Under this line sits a listing. Repeat exactly and only its lines from the one holding "水吧臺以毛鑿面的形式呈現(x" through the one holding "Free People Women's"; skip pictures.

**Data to process:**
>>>>

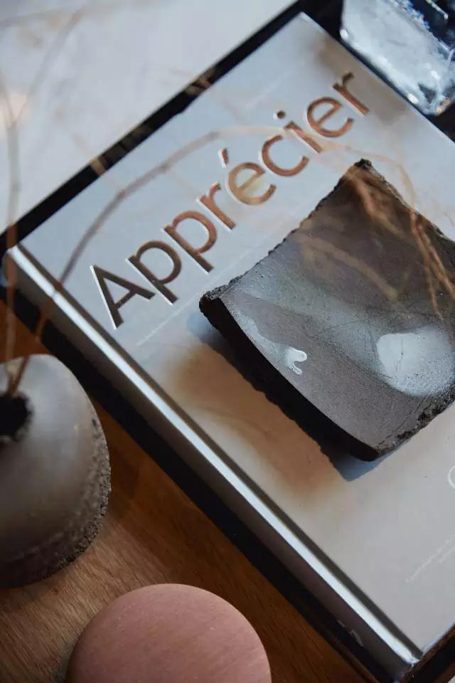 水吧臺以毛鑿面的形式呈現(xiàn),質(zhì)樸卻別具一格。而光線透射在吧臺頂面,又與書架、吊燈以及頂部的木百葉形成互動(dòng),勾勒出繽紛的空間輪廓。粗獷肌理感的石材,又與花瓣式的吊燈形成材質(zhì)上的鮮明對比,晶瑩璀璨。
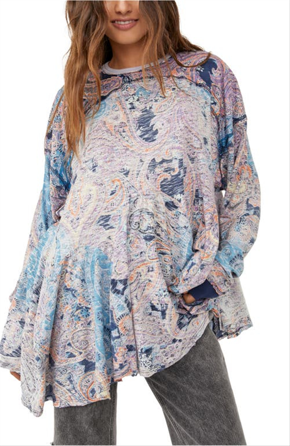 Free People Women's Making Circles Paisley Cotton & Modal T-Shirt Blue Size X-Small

<<<<
>>>>

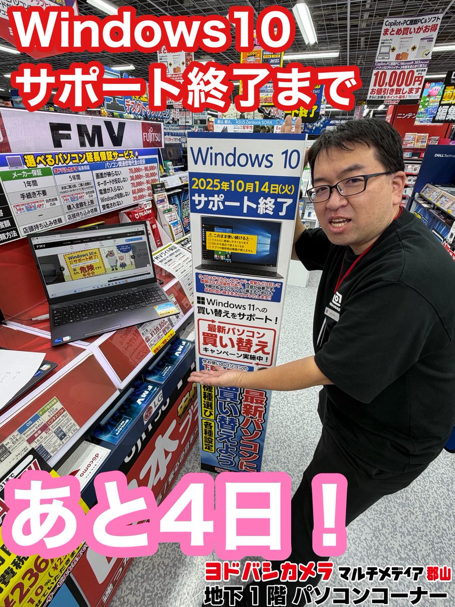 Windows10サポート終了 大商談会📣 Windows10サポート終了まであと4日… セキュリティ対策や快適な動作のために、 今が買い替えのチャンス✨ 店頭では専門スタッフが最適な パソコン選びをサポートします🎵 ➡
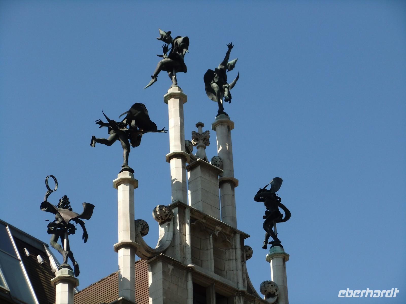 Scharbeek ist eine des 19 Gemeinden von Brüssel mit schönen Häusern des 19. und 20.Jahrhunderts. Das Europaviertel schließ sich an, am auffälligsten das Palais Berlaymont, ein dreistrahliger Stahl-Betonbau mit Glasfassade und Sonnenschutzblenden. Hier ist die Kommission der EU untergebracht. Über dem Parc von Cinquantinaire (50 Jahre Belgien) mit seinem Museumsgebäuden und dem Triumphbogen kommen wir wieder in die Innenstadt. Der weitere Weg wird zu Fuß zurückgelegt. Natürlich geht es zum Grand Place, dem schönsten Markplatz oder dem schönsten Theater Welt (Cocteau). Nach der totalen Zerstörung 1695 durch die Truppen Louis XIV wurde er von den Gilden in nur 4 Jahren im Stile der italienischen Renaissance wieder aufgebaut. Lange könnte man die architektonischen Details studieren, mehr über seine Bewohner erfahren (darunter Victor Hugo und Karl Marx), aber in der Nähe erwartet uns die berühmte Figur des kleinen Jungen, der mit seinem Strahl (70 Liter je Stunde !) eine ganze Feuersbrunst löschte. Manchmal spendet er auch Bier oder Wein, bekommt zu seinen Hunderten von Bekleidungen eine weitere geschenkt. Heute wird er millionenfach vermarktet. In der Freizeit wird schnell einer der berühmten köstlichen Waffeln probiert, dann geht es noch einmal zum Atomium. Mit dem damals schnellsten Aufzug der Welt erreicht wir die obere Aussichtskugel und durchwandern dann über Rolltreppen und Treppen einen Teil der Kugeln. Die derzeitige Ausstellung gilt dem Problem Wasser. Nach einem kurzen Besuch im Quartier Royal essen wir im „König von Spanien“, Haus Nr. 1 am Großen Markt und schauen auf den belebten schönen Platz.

<<<<
>>>>

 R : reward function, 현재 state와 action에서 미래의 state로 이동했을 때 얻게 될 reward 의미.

<<<<

**Task solution:**
 水吧臺以毛鑿面的形式呈現(xiàn),質(zhì)樸卻別具一格。而光線透射在吧臺頂面,又與書架、吊燈以及頂部的木百葉形成互動(dòng),勾勒出繽紛的空間輪廓。粗獷肌理感的石材,又與花瓣式的吊燈形成材質(zhì)上的鮮明對比,晶瑩璀璨。
 Free People Women's Making Circles Paisley Cotton & Modal T-Shirt Blue Size X-Small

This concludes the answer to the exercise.